■ **Data below**
--------

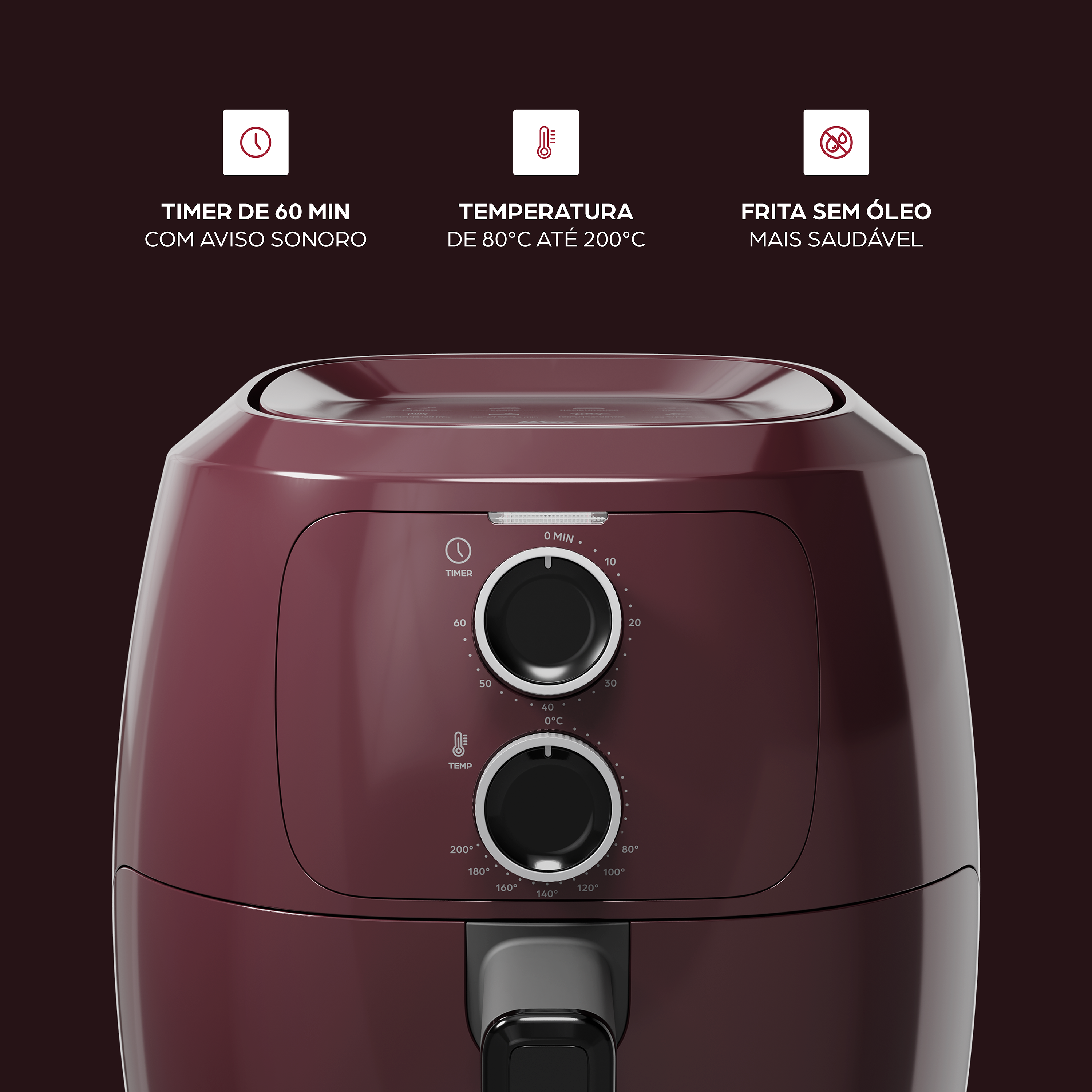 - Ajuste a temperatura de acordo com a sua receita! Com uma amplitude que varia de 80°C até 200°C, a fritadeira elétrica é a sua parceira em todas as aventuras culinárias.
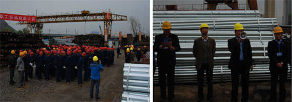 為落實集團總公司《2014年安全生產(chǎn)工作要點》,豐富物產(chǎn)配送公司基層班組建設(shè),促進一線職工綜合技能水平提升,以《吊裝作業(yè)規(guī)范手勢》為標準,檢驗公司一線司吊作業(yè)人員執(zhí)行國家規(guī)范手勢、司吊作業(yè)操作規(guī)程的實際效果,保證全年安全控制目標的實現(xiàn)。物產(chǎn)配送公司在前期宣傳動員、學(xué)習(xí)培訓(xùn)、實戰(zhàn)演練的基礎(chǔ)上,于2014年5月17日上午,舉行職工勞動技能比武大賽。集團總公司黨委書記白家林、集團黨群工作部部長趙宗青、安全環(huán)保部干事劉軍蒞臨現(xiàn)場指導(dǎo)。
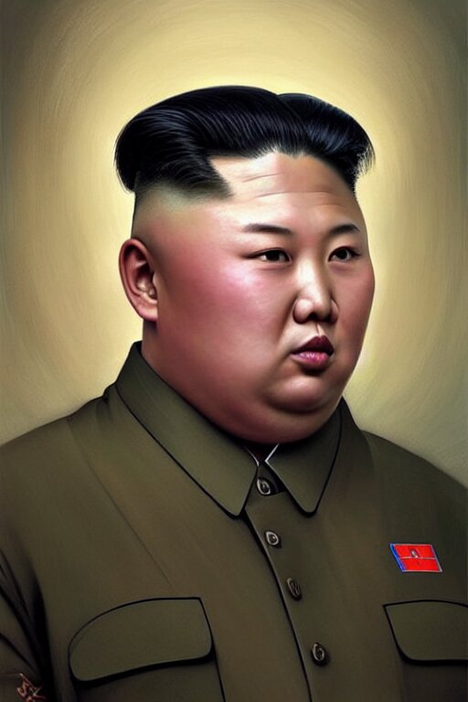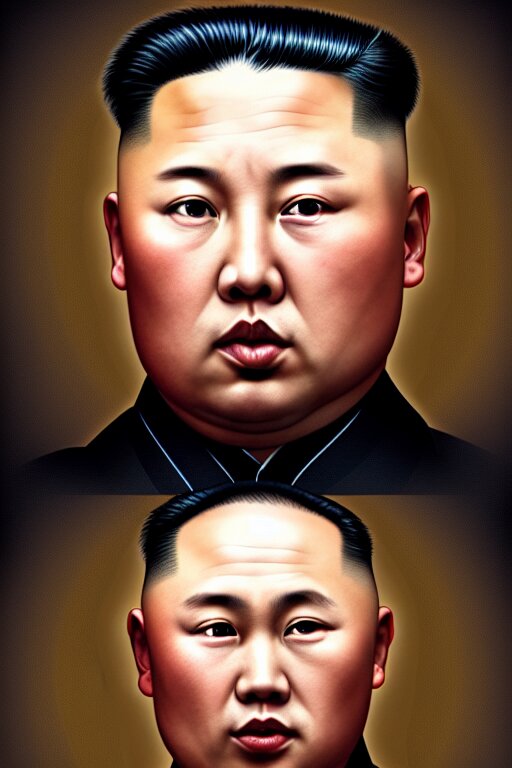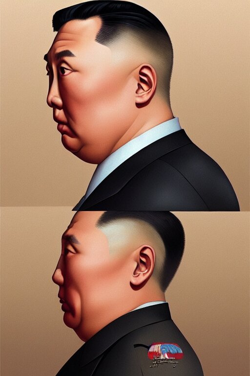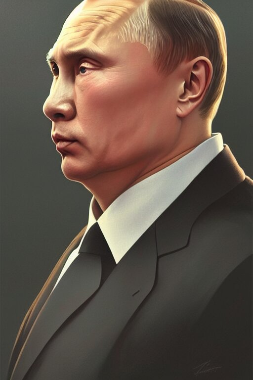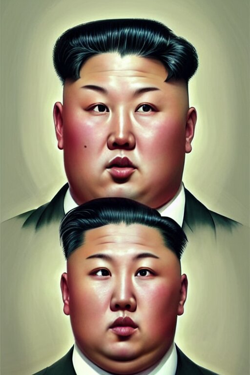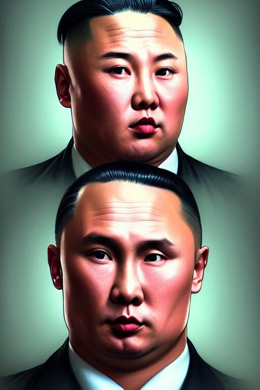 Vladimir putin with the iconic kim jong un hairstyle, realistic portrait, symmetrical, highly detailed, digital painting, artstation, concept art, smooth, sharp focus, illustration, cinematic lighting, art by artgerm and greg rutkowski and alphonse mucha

--------

Copy each line of the listing exactly, skipping any picture.

■ **Task answer**
 - Ajuste a temperatura de acordo com a sua receita! Com uma amplitude que varia de 80°C até 200°C, a fritadeira elétrica é a sua parceira em todas as aventuras culinárias.
 為落實集團總公司《2014年安全生產(chǎn)工作要點》,豐富物產(chǎn)配送公司基層班組建設(shè),促進一線職工綜合技能水平提升,以《吊裝作業(yè)規(guī)范手勢》為標準,檢驗公司一線司吊作業(yè)人員執(zhí)行國家規(guī)范手勢、司吊作業(yè)操作規(guī)程的實際效果,保證全年安全控制目標的實現(xiàn)。物產(chǎn)配送公司在前期宣傳動員、學(xué)習(xí)培訓(xùn)、實戰(zhàn)演練的基礎(chǔ)上,于2014年5月17日上午,舉行職工勞動技能比武大賽。集團總公司黨委書記白家林、集團黨群工作部部長趙宗青、安全環(huán)保部干事劉軍蒞臨現(xiàn)場指導(dǎo)。
 Vladimir putin with the iconic kim jong un hairstyle, realistic portrait, symmetrical, highly detailed, digital painting, artstation, concept art, smooth, sharp focus, illustration, cinematic lighting, art by artgerm and greg rutkowski and alphonse mucha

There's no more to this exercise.